One of the things I love about summer is rhubarb! I still eat it like when I was a kid, soaked in a little jar of sugar. Not the healthiest option, but it’s so good!
With a coconut and almond crumble, as well as the sweet blend of strawberries and apples, this dessert is simply irresistible.
- 1 pound of strawberries, cut in 4
- 2 red apples, diced (Cortland are the best for texture)
- 2 stems of rhubarb, cut into small pieces
- 1 tablespoon cornstarch
- 1/3 cup of cane sugar
- 1 cup quick oats
- 1/3 cup of brown sugar
- 1/3 cup sliced almonds
- 1/3 cup unsweetened grated coconut
- 1/4 cup all-purpose flour
- 1/8 teaspoon salt
- 1/3 cup of vegan butter
- 2 tablespoon maple syrup
- Put the fruits in a bowl. You can peel the apples if you want, but i usually leave the skin it if it’s organic apples.

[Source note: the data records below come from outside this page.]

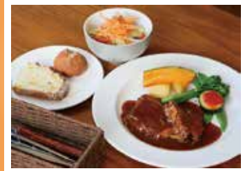
洋食。トロトロに煮込まれた妻有ポークと自家製デミグラスソースは絶品です。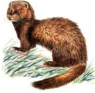
Visón americano Mustela vison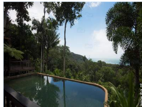
vista sobre piscina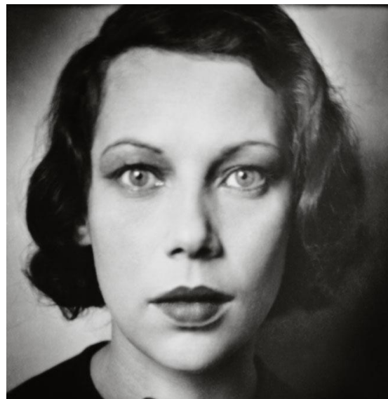
Tilly Losch, 1928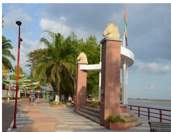
Malecon Sobre el Rio Meta – Orocué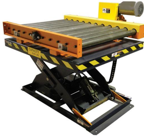
1. ábra - Emelőasztal

A feladat egy, az 1. ábrán láthatóhoz hasonló, futószalaggal ellátott emelőasztal irányítása.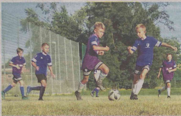
Upał nie upał, grać trzeba!

„Zapraszamy wszystkich chętnych na nasze treningi wakacyjne, bez względu na poziom zaawansowania, czy przynależność klubu” - zachęca Akademia. APO ma już za sobą pierwsze przedsezonowe sparingi. Oprócz kilku gier kontrolnych na obozach piłkarskich, odbyły się również sparingi w Oleśnicy. Seniorzy grali dwukrotnie i tyle samo razy wygrali. Reprezentacja rocznika 2006 podejmowała sycowską Po-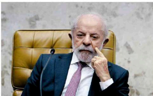
O presidente Lula (PT) em sessão do Supremo Tribunal Federal, em Brasília. Sérgio Lima - 2 fev. 26 / AFP

A sugestão foi enviada ao TSE na consulta pública aberta sobre a atualização das resoluções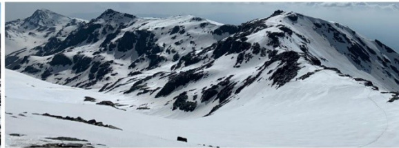
Alcazaba, Mulhacén, tajos de La Virgen y Caballo 8-5-9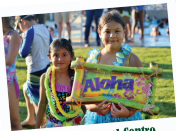
Fiesta Luau en el Centro Acuático City Lake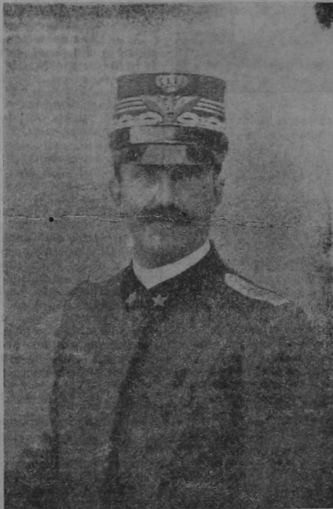
S. M. VICTOR MANUEL III

Casó en Roma el 24 de octubre de 1896, con S. M. la Reina Elena, de la Casa Petrovic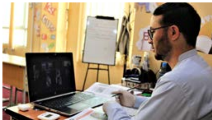
ШПНО в Файзабаде (Афганистан) запустила онлайн уроки английского языка (уровень «intermediate» и «and pre-intermediate»).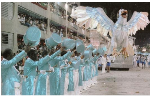
Figura 2: Comissão de Frente da Portela, 1991

a coordenação, o sincronismo e a criatividade de sua exibição, podendo evoluir da maneira que desejar. (LIESA, 2016, p.46)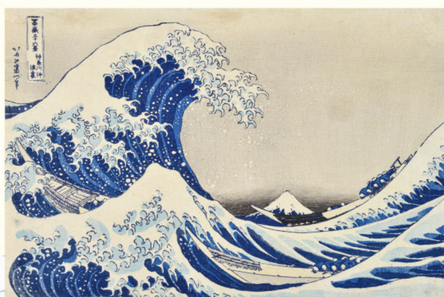
葛飾北斎《富嶽三十六景 神奈川沖浪裏》天保2-4年(1831-33)頃 大判錦絵 個人蔵 Katsushika Hokusai, "The Great Wave off the Coast of Kanagawa," from the series Thirty-Six Views of Mt. Fuji (Fugaku sanjūrokkei), c.1831-33, Private collection

葛飾北斎のこの作品は、世界で最も有名な浮世絵と言えるでしょう。そのインパクトは、西洋の芸術活動に大きな影響を与えました。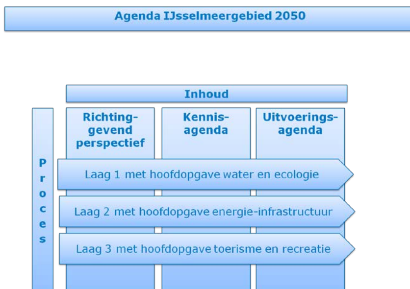
Figuur 1. De aanpak van de gebiedsagenda volgens de lagenbenadering.

De hoofdlijnen van de aanpak van het vervolgproces van Agenda IJsselmeergebied 2050 zijn verbeeld in Figuur 1-3. Het werkprogramma is in meer detail uitgeschreven in Hoofdstuk 3. Figuur 1 geeft de drie onderdelen van de Gebiedsagenda weer en laat schematisch zien dat hieraan vanuit de drie lagen (systeem, netwerken, gebruik) wordt gewerkt. Vanuit iedere laag wordt een bijdrage geleverd aan het richtinggevend perspectief, de kennis- en innovatieagenda en de uitvoeringsagenda.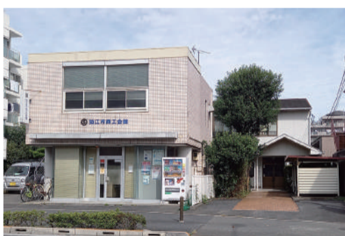
市はこの商工会館と駄倉地区センター(東和泉)を壊して中央図書館を移すと言うけれど...

日本共産党は9月議会で、基本方針にこだわらず市民と話し合い充実した中央図書館・公民館にすべきと訴えましたが市側は方針を変えようとはしませんでした。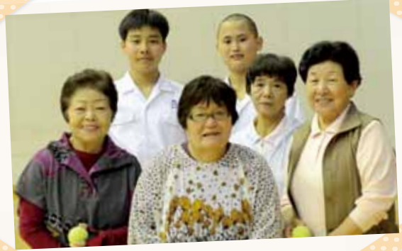
須木中3年生と地域の高齢者の皆さん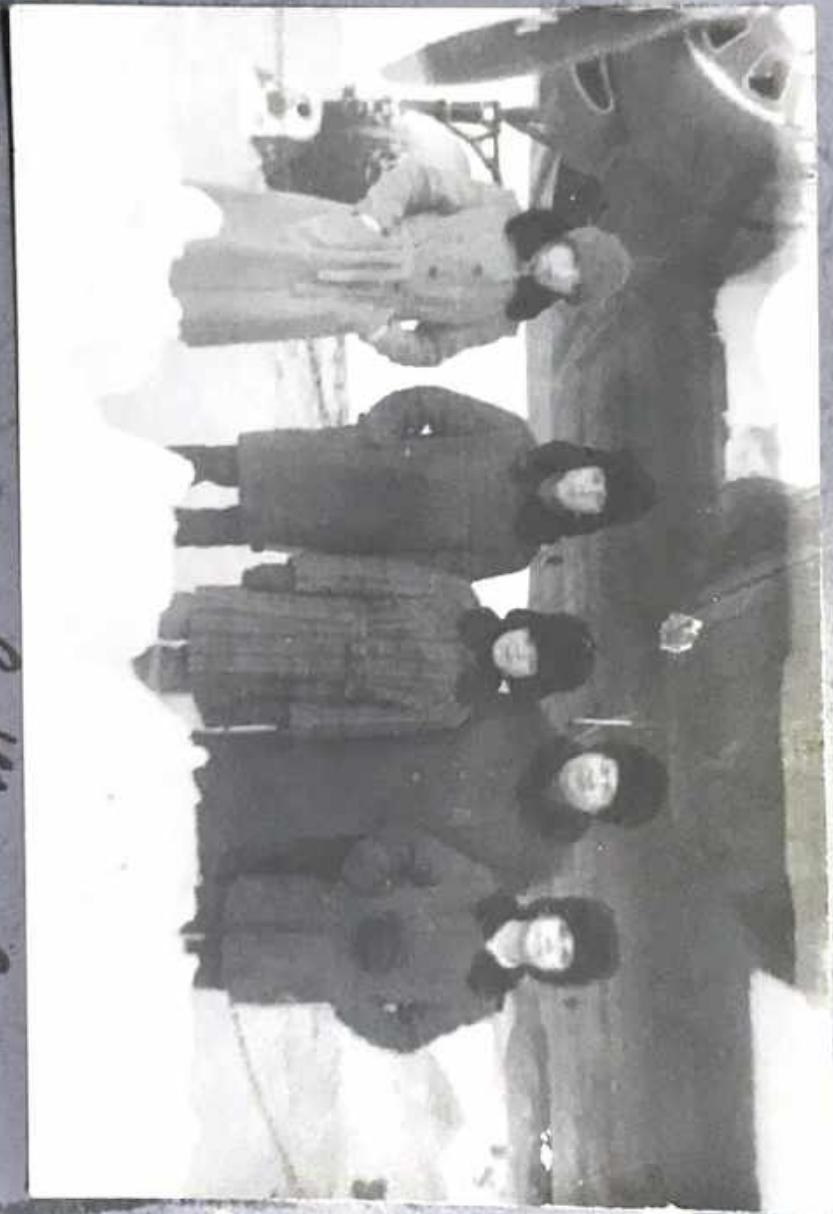
Denrypous & Thuer.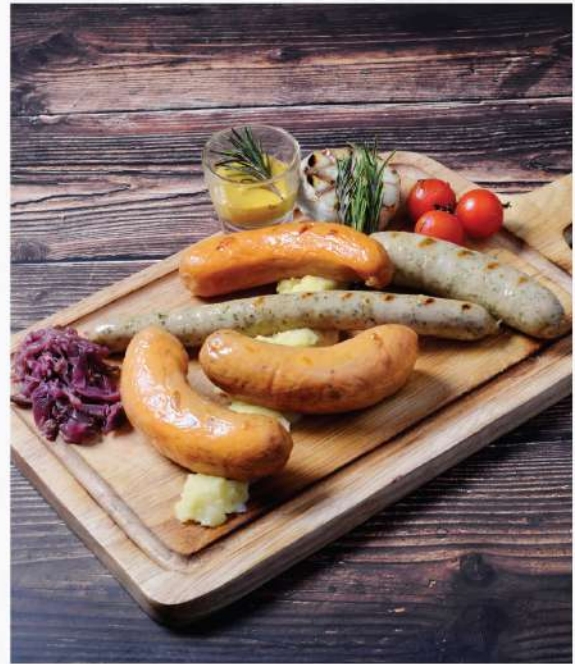
Grilled Sausages Platter. 450.-

ไส้กรอกเยอรมันรวมย่าง เสิร์ฟพร้อมซาว์เคราท์และมันบด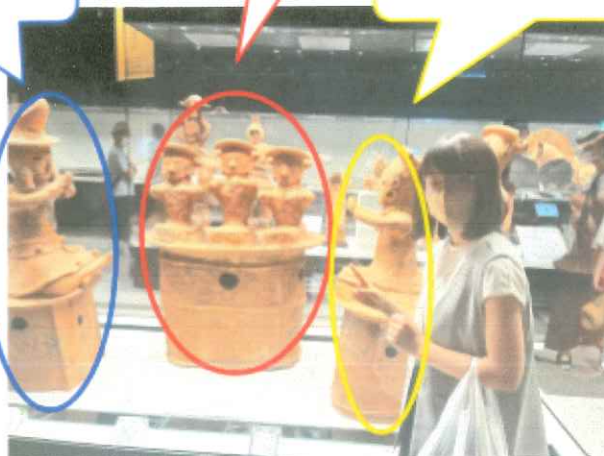
正座し祭具を捧げる巫女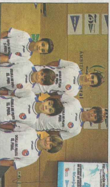
L'escola de El Puig jugarà tres de les quatre finals escolars. FPV

■ Mentre Bicorp Aixaraco A apunten a la final absoluta després de guanyar les primeres partides jugades davant Villalonga i Oliva, el carrer de Polinyà del Xiquet comença a preparar-se per acollir les finals que tindran lloc en la població de la Ribera el primer cap de setmana de juliol. Les finals programades per a la vesprada del dissabte 1 de juliol, la de primera masculina i la corresponent a primera femenina, la qual intentaràn jugar les xiques de Bicorp, Borbotó, Beniparrell i Moixent.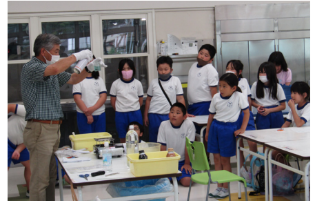
第2回 おもしろ科学実験を体験しよう！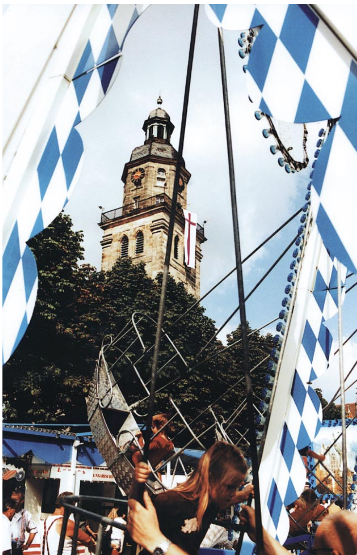
► Kirche mitten im Leben: Kirchweih im mittelfränkischen Altdorf. Ein prämiertes Bild des Fotowettbewerbs „Kirche vor Ort“.

Gegen Zentralismus wandte sich der Vorsitzende des synodalen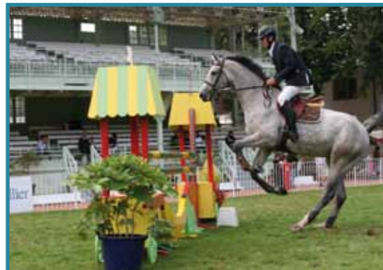
la filière équine

que notre territoire est trop isolé, mal desservi, loin de la capitale ou de Lyon. Le Pays Vichy-Auvergne sert de territoire d'expérimentation dans l'Allier en matière de politique d'accueil et l'arrivée d'une gare nouvelle sur le territoire pourrait transformer cet essai pour créer une véritable dynamique.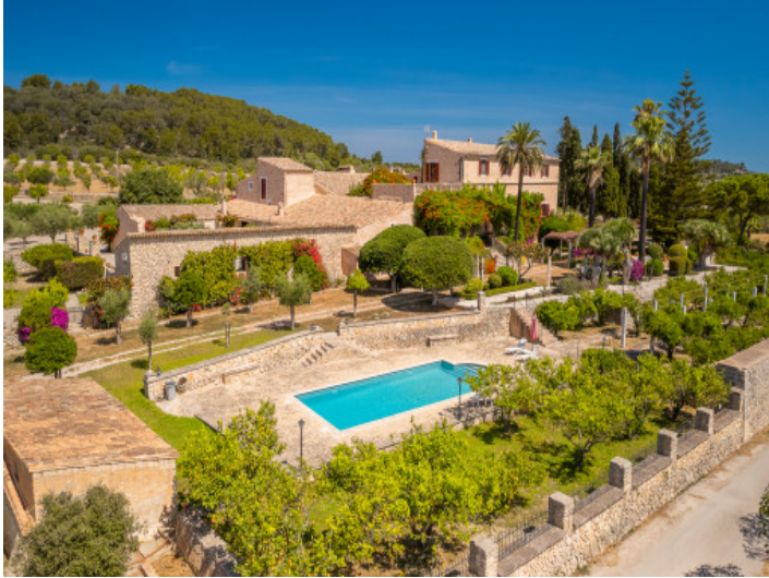
Vista exterior de la finca y piscina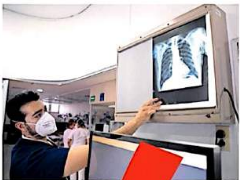
El estado ocupa la posición número 13 en defunciones en este rubro.

pese a que un número importante de la población está vacunada.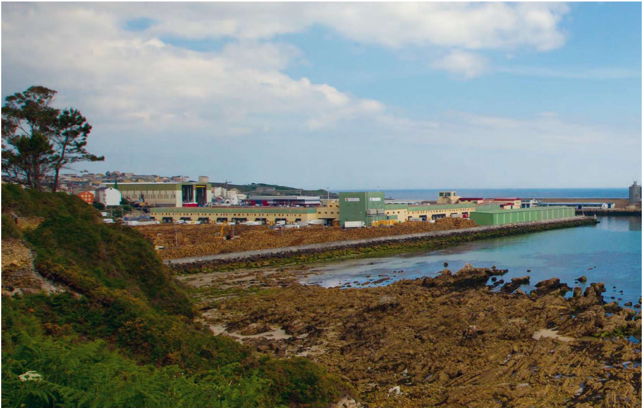
Vista de Burela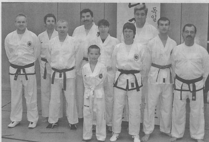
Die Teilnehmer aus Talheim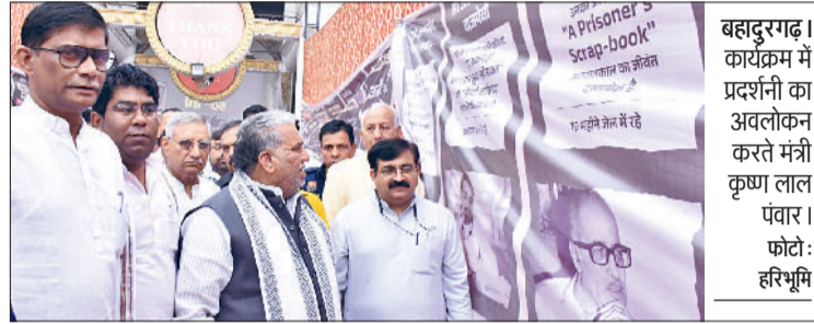
बहादुरगढ़। कार्यक्रम के दौरान मंचासीन कैबिनेट मंत्री व अन्य भाजपाई।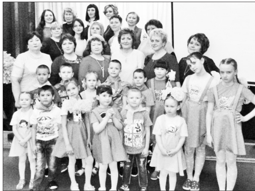
Воспитанники и коллектив приюта – большая дружная семья.

Отдел надзорной деятельности и профилактической работы по Туруханскому району УНД и ПР ГУ МЧС России по Красноярскому краю.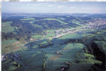
G. B. à la Guillaume

Die Neuenburger Städte Le Locle und La Chaux-de-Fonds schreiben zwei städtebauliche Wettbewerbe für die Gestaltung von zwei Örtlichkeiten aus. Es handelt sich um Le Crêt-du-Loche (zwischen den zwei Städten) und Le Col-des-Roches (nahe an der Grenze zu Frankreich). Die zwei Städte fördern eine Stadt- und Landschaftsplanung, die im Zeichen der Qualität und der nachhaltigen Entwicklung steht. Beide im Wettbewerb ausgeschriebenen Örtlichkeiten befinden sich entlang der Linie des TransRUN, ein im Rahmen der neuen Agglomerationspolitik entwickeltes Projekt einer regionalen S-Bahn zur Verbindung der höher gelegenen Region mit der tiefer gelegenen Region des Kantons. Die zwei Städte wurden vom Bund für die Liste des UNESCO-Weltkulturerbes vorgeschlagen. Dieses einzigartige Stadtensemble zeugt von ausserordentlicher Architektur und Geschichte der Uhrendindustrie.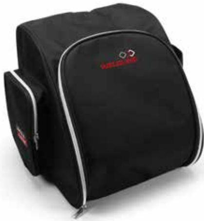
MOCHILA PARA PANTALLA DE SOLDADURA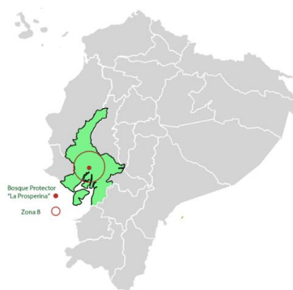
Mapa de zona 8 de Guayaquil. Elaboración del Autor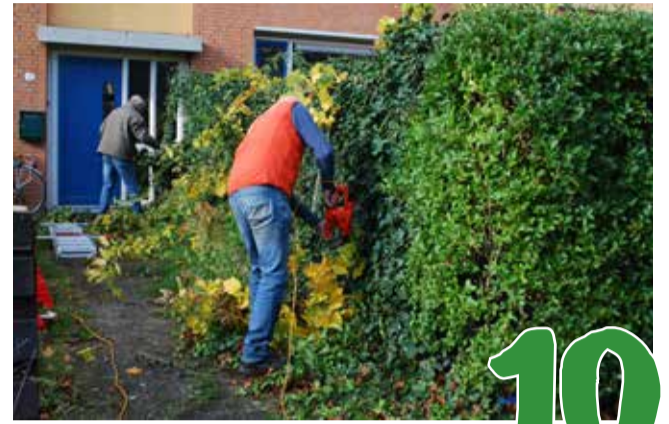
Stichting Present: "Ik wil wat terug doen"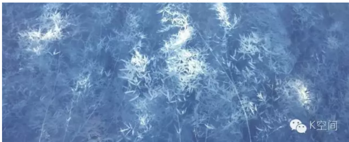
竹子7 242×510cm 亚麻布 蓝晒 2016年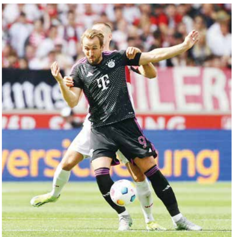
○ من لقاء شتوتغارت وبايرن ميونخ

وسقط كولن في فخ التعادل أمام ضيفه فرايبورغ سلباً، ويات قريباً من مرافقة دارمشتات إلى الدرجة الثانية، رفع رصيده إلى ٢٤ نقطة في المركز السابع عشر قبل الأخير بفارق أربع نقاط خلف ماينتس صاحب المركز السادس عشر الذي يخول لصاحبه خوض الملحق مع ثالث الدرجة الثانية، ويشارك ست نقاط خلف أونيون برلين ويوخوم.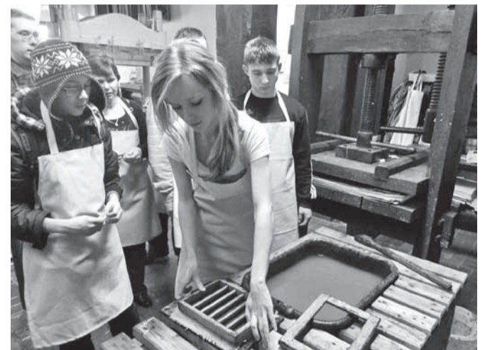
Paberivabrikus sai ise paberit teha.

Alguses hirmutas mind natuke mõte, et pean mine-ma kusagile võõrasse riiki, täiesti võõrasse peresse ning veetma seal peaaegu nädala,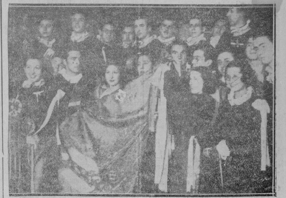
MADRID. — La sociedad «El retablo de maese Pedro» impone una corbata al estudiantado de la tuna madrileña

He aquí el caso de Inglaterra. En 1931 los ingresos bajaron en más de diez y seis millones de libras, cuatrocientos millones de pesetas-oro.— Se ha remediado el daño con la electrificación de las líneas, con la unificación de los transportes por rail y por carretera y con el auxilio del Estado, pero también con el abaratamiento de las tarifas. El "penny a mile", creado en mayo para la temporada veraniega y prorrogado luego por un año, llevó a las líneas férreas millones de viajeros. El "penny a mile", es caro aun si se compara con el billete especial de excursiones, en re-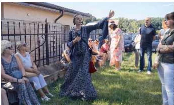
Kolejny spacer z przewodnikiem już 6 lipca.

Cykl otwiera spacer poświęcony walorom turystycznym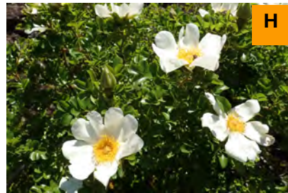
カカヤンバラ (連絡道)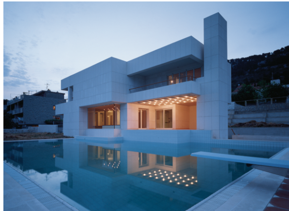
obiteljska kuća stupalo meje split / 2000 družinska hiša stupalo meje split / 2000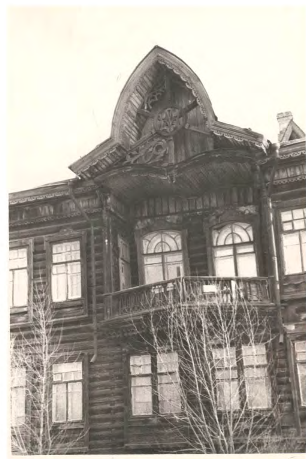
Фото 70-х годов 20 в.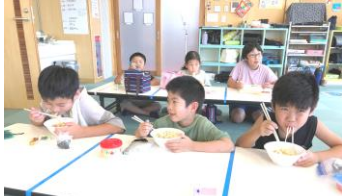
うどんつつる♪おいしいな♪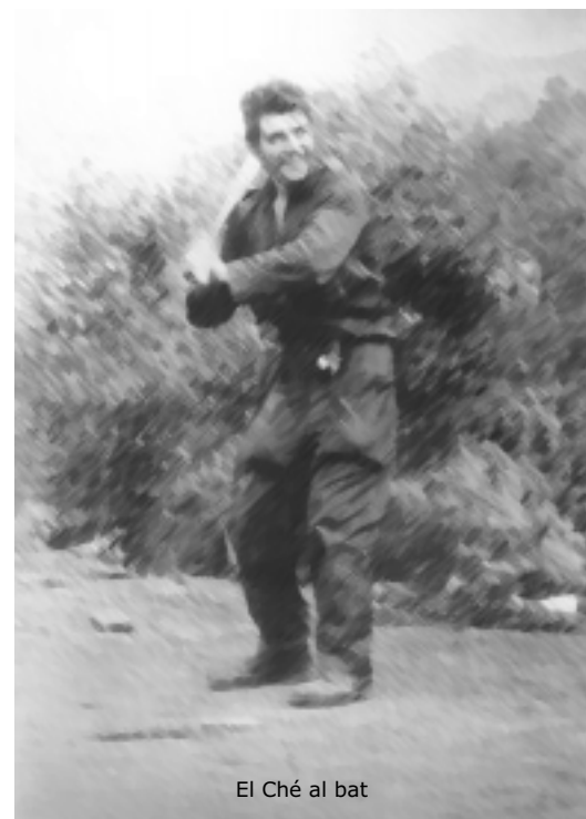
El Ché al bat

La gente suele decir, los americanos, los norte-americanos suelen decir: León Felipe es un “Don Quijote” No tanto, gentlemen, no tanto. Sostengo al héroe nada más ... y sí, puedo decir ... y me gusta decir: que yo soy Rocinante. No soy el héroe, pero le llevo sobre el magro espinazo de mis huesos y le oigo respirar ... y he aprendido a respirar como él... y a injuriar y a blasfemar y a maldecir y a relinchar. A mí me gusta mucho relinchar. “¡Oh, hideputas! ... estos malos encantadores que me persiguen” ¿Cómo es aquel relincho, americanos? Aquel que empieza: ¡Justí-í-í-cia!! Aquí el acento cae sobre la í, muy agudo y sostenido como un vibrante y estridente cornetín: ¡Jus-tí-í-í-cia!! ¡Qué bonito relincho! A Rocinante le gusta mucho relinchar. Y a mí también me gusta mucho relinchar. Tenéis que aprender, americanos. Venid. Vamos a relinchar ahora, ahora mismo todos juntos, desde el capitolio de Washington... fuerte, fuerte, fuerte... hasta que el relincho llegue a Viet Nam y lo oigan todos los vietnamitas, y a Cuba también y lo oigan todos los cubanos, como el cornetín de la gran victoria universal, hasta que lo oigan los hombres todos de la tierra como el cese definitivo de todas las hostilidades del planeta. ¡Justí-í-í-cia! ¡Oh, qué hermoso relincho! The most beautiful neigh of the world.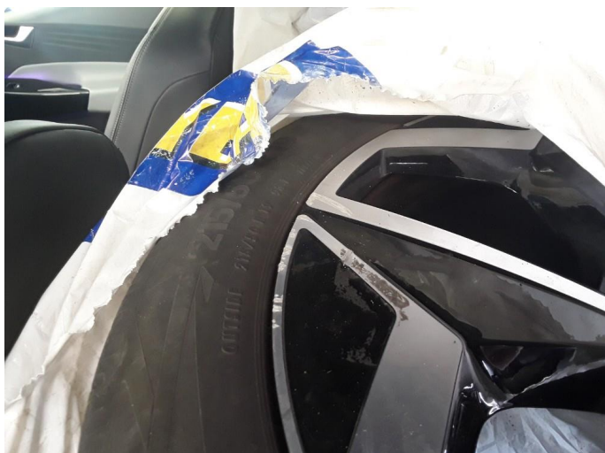
1.1 To sommerfelger litt kantkjørt.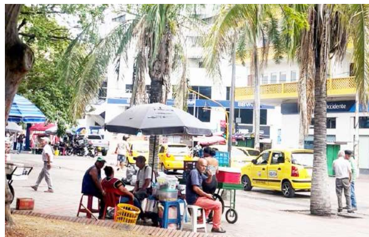
Vendedoras informales afirman que muchas madres llevan a sus hijos a trabajar por falta de opciones de cuidado durante las vacaciones escolares.

El boletín técnico del DANE sobre trabajo infantil correspondiente al periodo octubre a diciembre de 2024 confirma que el país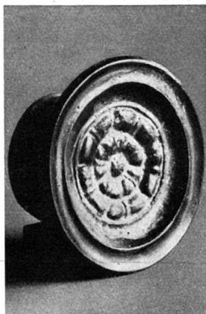
Abb. 5 Glasierte Ofenkachel gefunden bei den Ausgrabungen der mittleren Ruine Wartenberg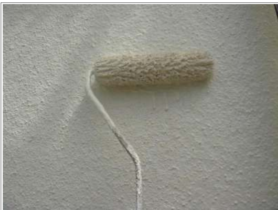
外壁 上塗り施工中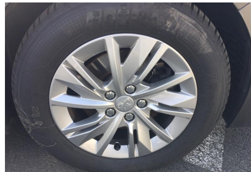
Groupe Mary groupemary.fr SPOTICAR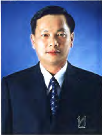
เลขที่ ส.ส. 148

- Add cornstarch and cane sugar. Mix well and transfer to a baking dish. Set aside.
- In a food processor, mix the rest of the ingredients. Add the mixture over the fruit and spread well with your hands.
- Bake at 375 F. 35 to 40 minutes or until crumble is golden brown.
- Let stand about twenty minutes. The fruit mixture may look slightly liquid, but it will thicken as it cools.